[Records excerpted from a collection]
------------------------------------------------

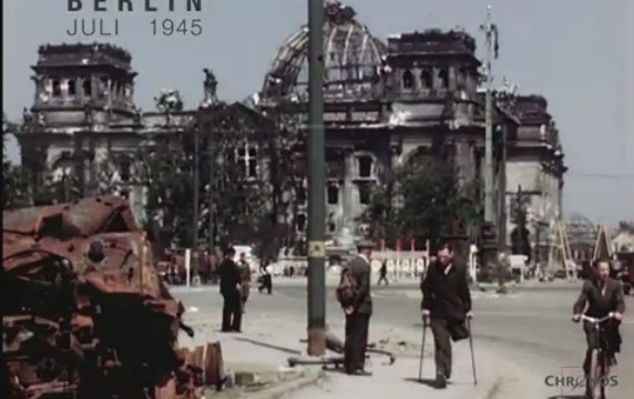 В Сети появилась уникальная видеозапись в "цвете", на которой запечатлен Берлин в июле 1945 года, спустя 2 месяца после объявления о капитуляции Германии. Кадры в высоком разрешении опубликовал в Интернете Костантин фон цур Мюэлен в рамках проекта компании Kronos Media. В июле 1945 года Берлин уже был поделен между союзниками на четыре зоны влияния. В городе уже появились первые таблички с обозначениями улиц на русском языке, а в центре города установлен плакат с изображением генералиссимуса Иосифа Сталина. Неизвестный оператор снял разрушенные здания Рейхстага и Бранденбургские ворота, а также руины на центральной площади Александерплац, остатки военной техники и жителей, разгребающих завалы в городе. На видео попал городской трамвай, запущенный незадолго до съёмок. Часть кадров является данными аэрофотосъемки, сделанной с относительно небольшой высоты именно они позволяют оценить масштабность разрушений, которым подверглась столица Германии.
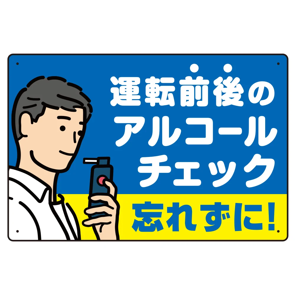 「飲酒運転防止・アルコールチェック 忘れずに ブルー オリジナル プレート看板 W450×H300 エコユニボード」の導入をご検討中ですか? 大量注文・複数台のご検討に応じたお見積りのご相談、最短納期や送料、仕様・サイズの確認など、 アルコールチェック義務化啓蒙看板選びをまとめてサポートいたします。
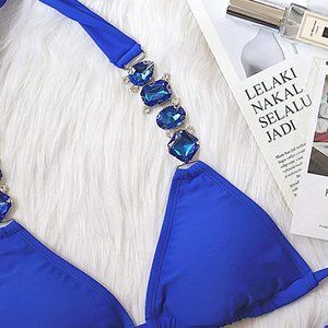 NEW Sparkling Bling Crystal Rhinestone Bikini + FREE Bling Gift We Always Include A Free Thank You Gift 🥰 This Beautiful Crystal Rhinestone Bikini Top & Bottom Is Great To Bling Up For Any Occasion.... Summer Beach & Pool Parties Or Under Your Favorite Blazer Or Black Leather Jacket Makes A Perfect Birthday Gift & Great Conversation Piece Available Colors: RED, GREEN, ROYAL, TEAL, PURPLE, BLACK Available In All Sizes See Size Chart: Last Image Outside Material: Crystal/Rhinestones 82% Polyester & 18% Spandex Pictures Don't Even Come Close To How Much They Sparkle Condition: This Item Is Brand New, Never Used Inside A Gift Box With Bubble Wrap Disclaimer: Product Color May Slightly Vary Due to Photographic Lighting Computer Monitors
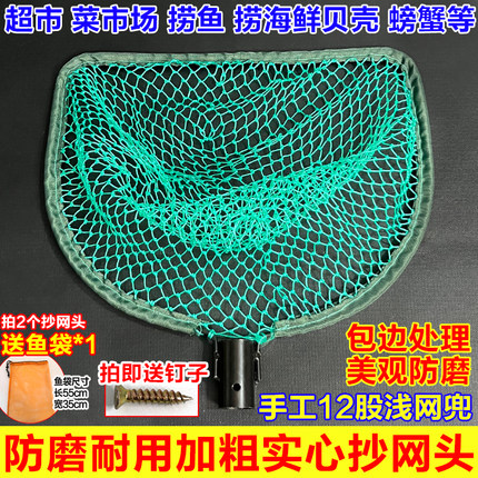 2025新款加厚实心抄网头单网头包边防磨网头超市捞鱼捞基围虾贝类
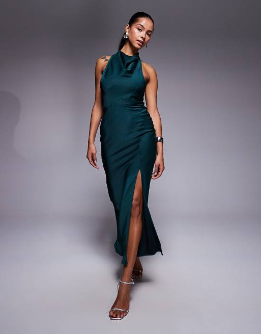ASOS DESIGN - Robe mi-longue en satin à col montant avec détail croisé - Sarcelle
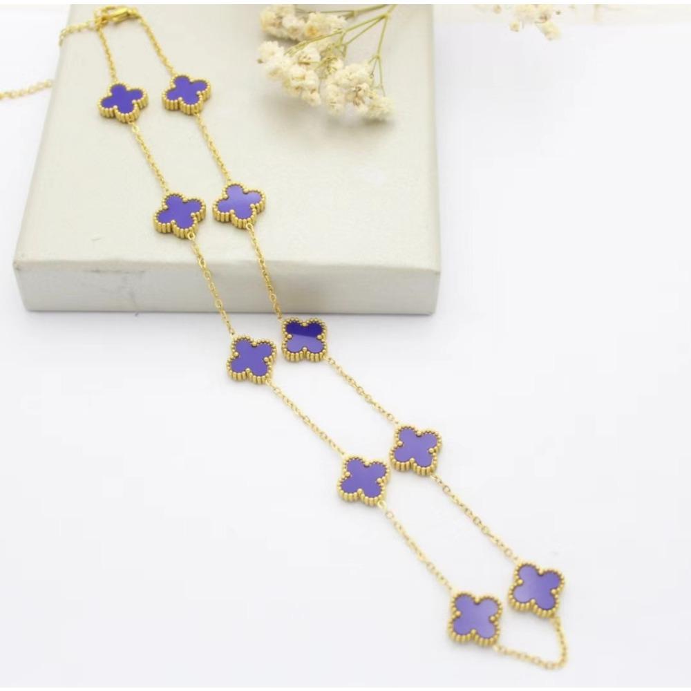 10 Цветок Свитер Цепочка Четырехлистный Клевер Ожерелья Легкая Роскошь Моды Цветок Подвеска Замок Кость Цепочка Ожерелье фиолетовый
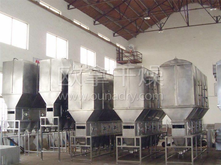 沸騰干燥,又稱流化床,它是由空氣過濾器、加熱器、沸騰床主機(jī),旋風(fēng)分離器,布袋除塵器、高壓離心風(fēng)機(jī)、操作臺(tái)組成,由于干燥物料的性質(zhì)不同,配套除塵設(shè)備時(shí),可按需要考慮,可同時(shí)選擇旋風(fēng)分離器、布袋除塵器,也可選擇其中一種,一般來說比重較大的如沖劑及顆粒料干燥只需選擇旋風(fēng)分離器,比重較輕的小顆粒狀和粉狀物料需配套布袋除塵器,并備有氣力送料裝置及皮帶輸送機(jī)供選擇。
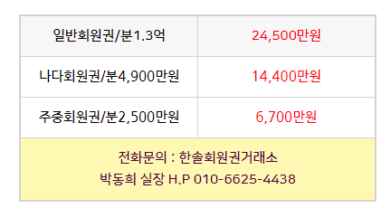 문의는 한솔회원권으로 부탁드립니다.
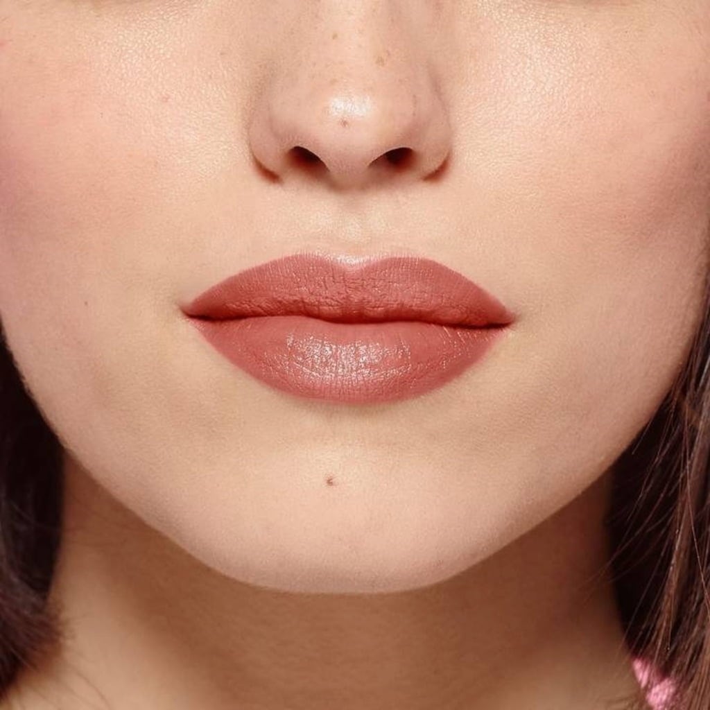 Anwendung: Den Lippenstift zuerst in der Mitte des Lippenherzes aufsetzen und von dort ausgehend zu den äußeren Mundwinkeln hin auftragen. Danach die Unterlippe ausmalen und deine Lippen aufeinanderpressen.
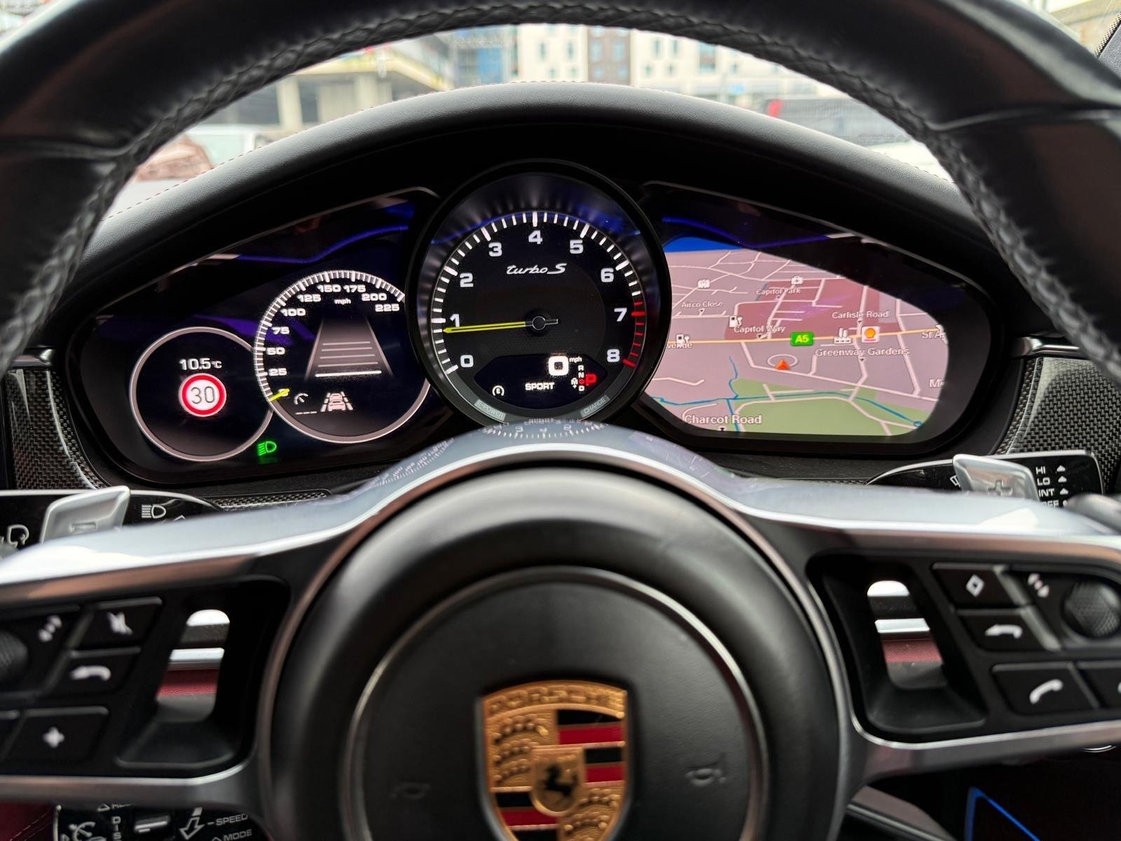 - Central Analogue Rev Counter with Black Dial Faces and Turbo S Logo
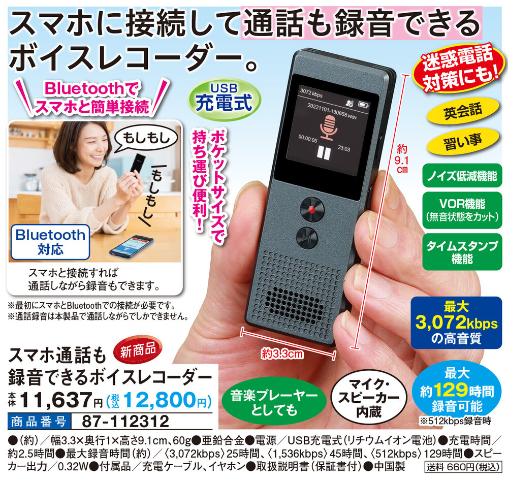 ※通話録音は本製品で通話しながらでしかできません。
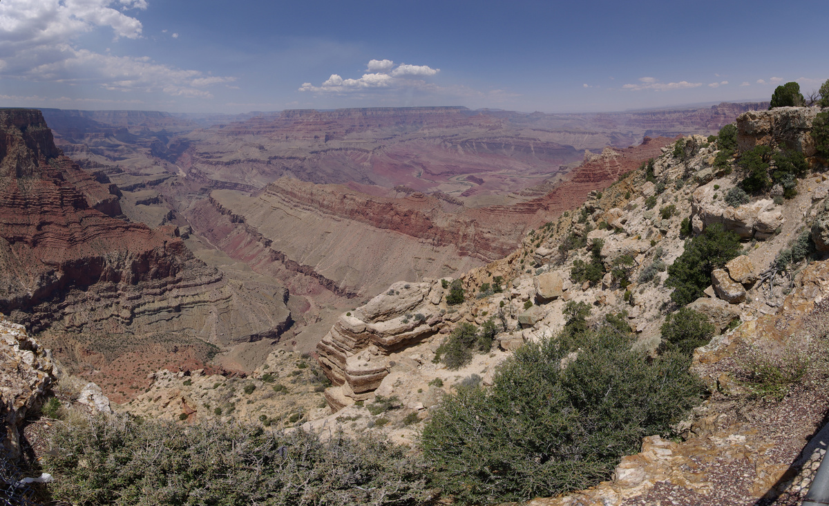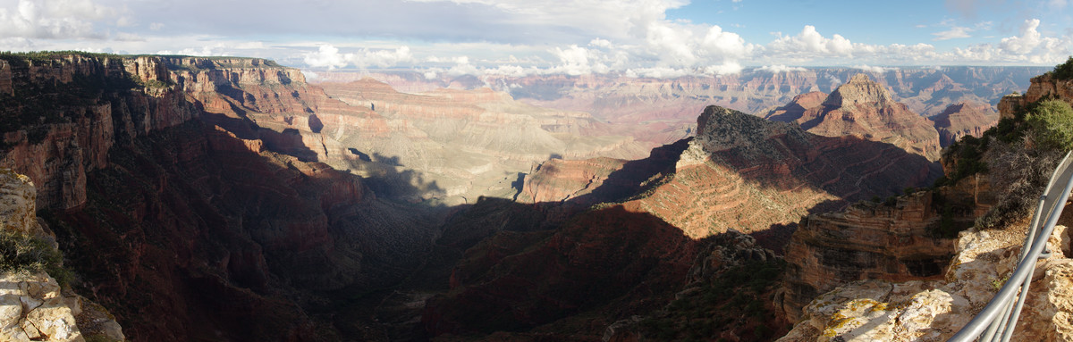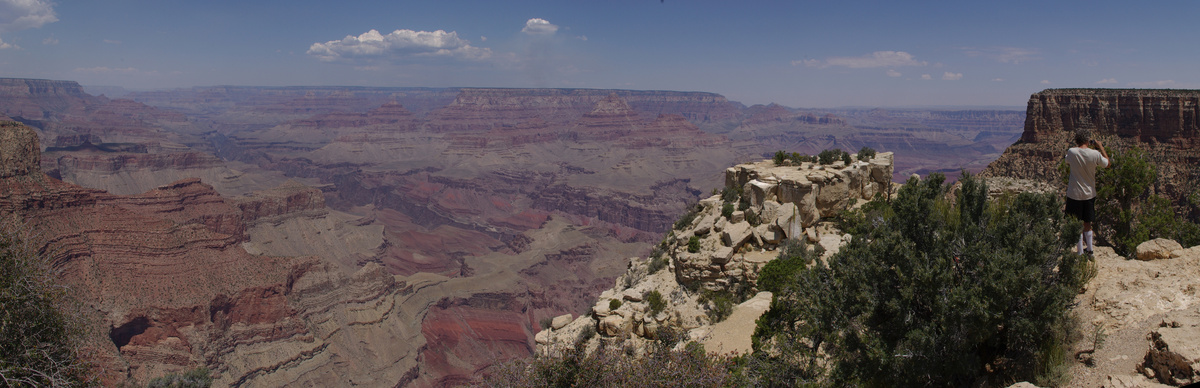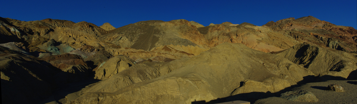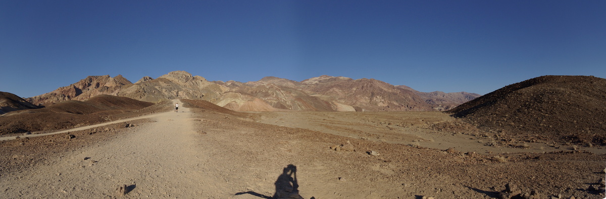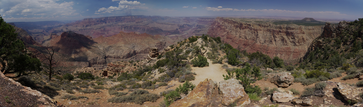 Cameron trading post, gerade Strukturen vor blauen Himmel sind schwer als Pano.
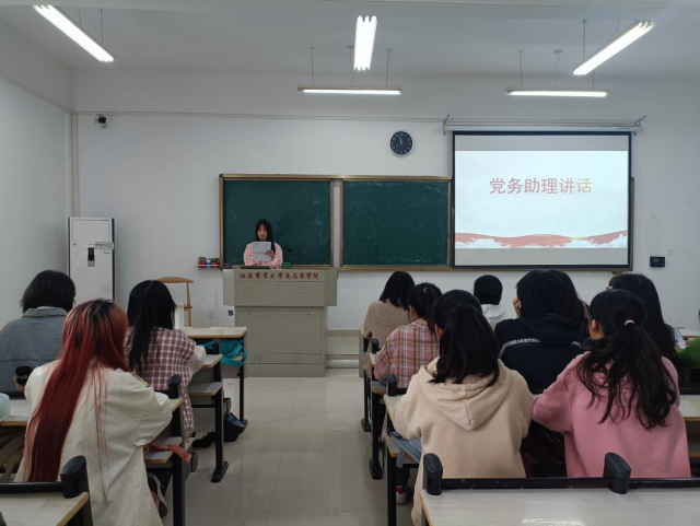 4月10日中午,外语系2024年上半年入党积极分子培训班开班仪式在厚德楼A209教室举行,外语系学生党支部书记吴琼参加仪式并作动员讲话。
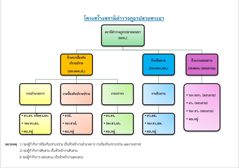 (O1) โครงสร้างและอำนาจหน้าที่ โครงสร้างสถานีตำรวจภูธรปลายพระยา Loading... Taking too long? Reload document | Open in new tab Download Loading... Taking too long? Reload document | Open in new tab ข้อมูล ณ วันที่ 5 เม.ย.68
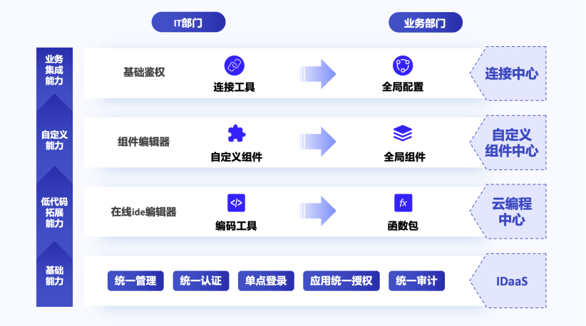 轻流提出的“轻代码”整合了连接、自定义组件、云编程三大中心和IDaaS模块体系,将与轻流无代码开发平台一起,覆盖更多行业场景,提升整体平台可拓展性。
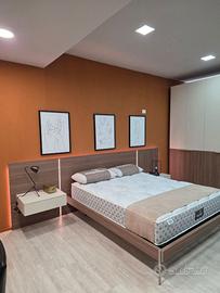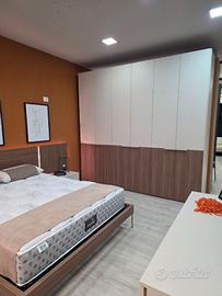 La composizione comprende armadio capiente con ante rallentate, letto con testata scenografica e comò coordinato.
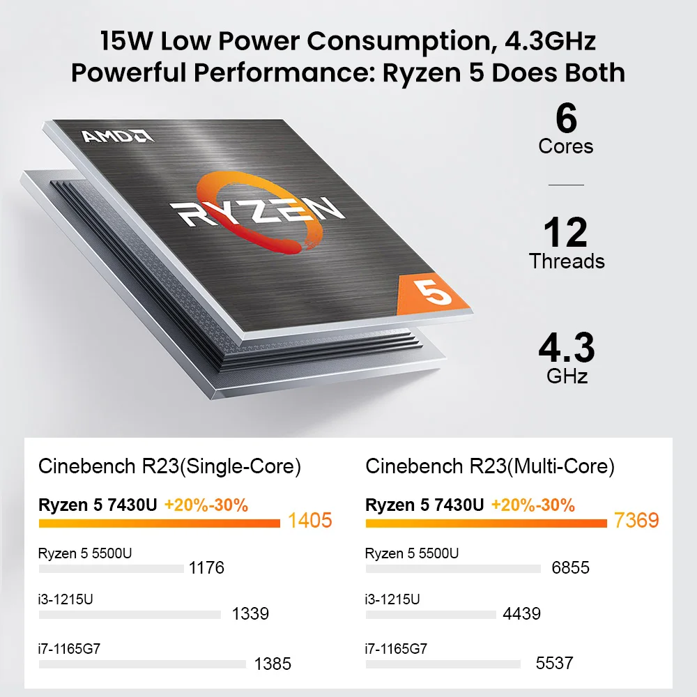The A15 Pro laptop is equipped with an AMD Ryzen 5 7430U processor, 6 cores and 12 threads, and a main frequency of 4.3GHz. It can easily run various office software and some games.
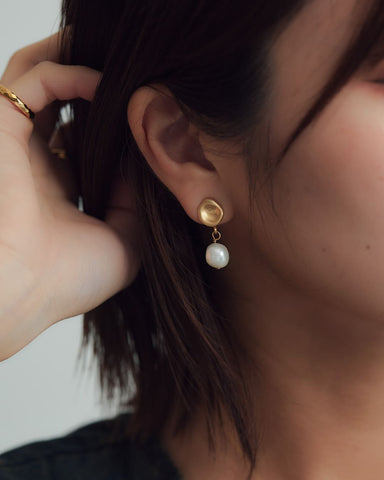 ひとつひとつ形が異なる“一点もの”感が魅力で、ナチュラルながらも印象的な耳元に仕上がります。
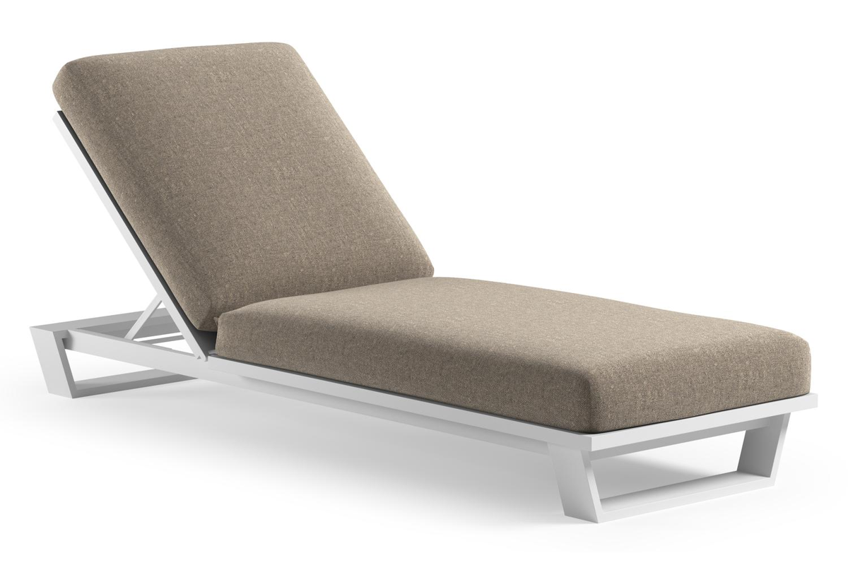 Pagino verstelbaar ligbed in wit aluminium met chartres pewter all weather Sunbrella® luxe kussen | Exterioo

------------------------------------------------

§ BRIEF:
Print, word for word, the lines above that run from the line containing "2025新款加厚实心抄网头单网头包边防磨网头超市捞鱼捞基围虾贝类" to the line containing "10 Цветок Свитер", both included. Keep the pictures out.

§ SOLUTION BELOW:
 2025新款加厚实心抄网头单网头包边防磨网头超市捞鱼捞基围虾贝类
ASOS DESIGN - Robe mi-longue en satin à col montant avec détail croisé - Sarcelle
 10 Цветок Свитер Цепочка Четырехлистный Клевер Ожерелья Легкая Роскошь Моды Цветок Подвеска Замок Кость Цепочка Ожерелье фиолетовый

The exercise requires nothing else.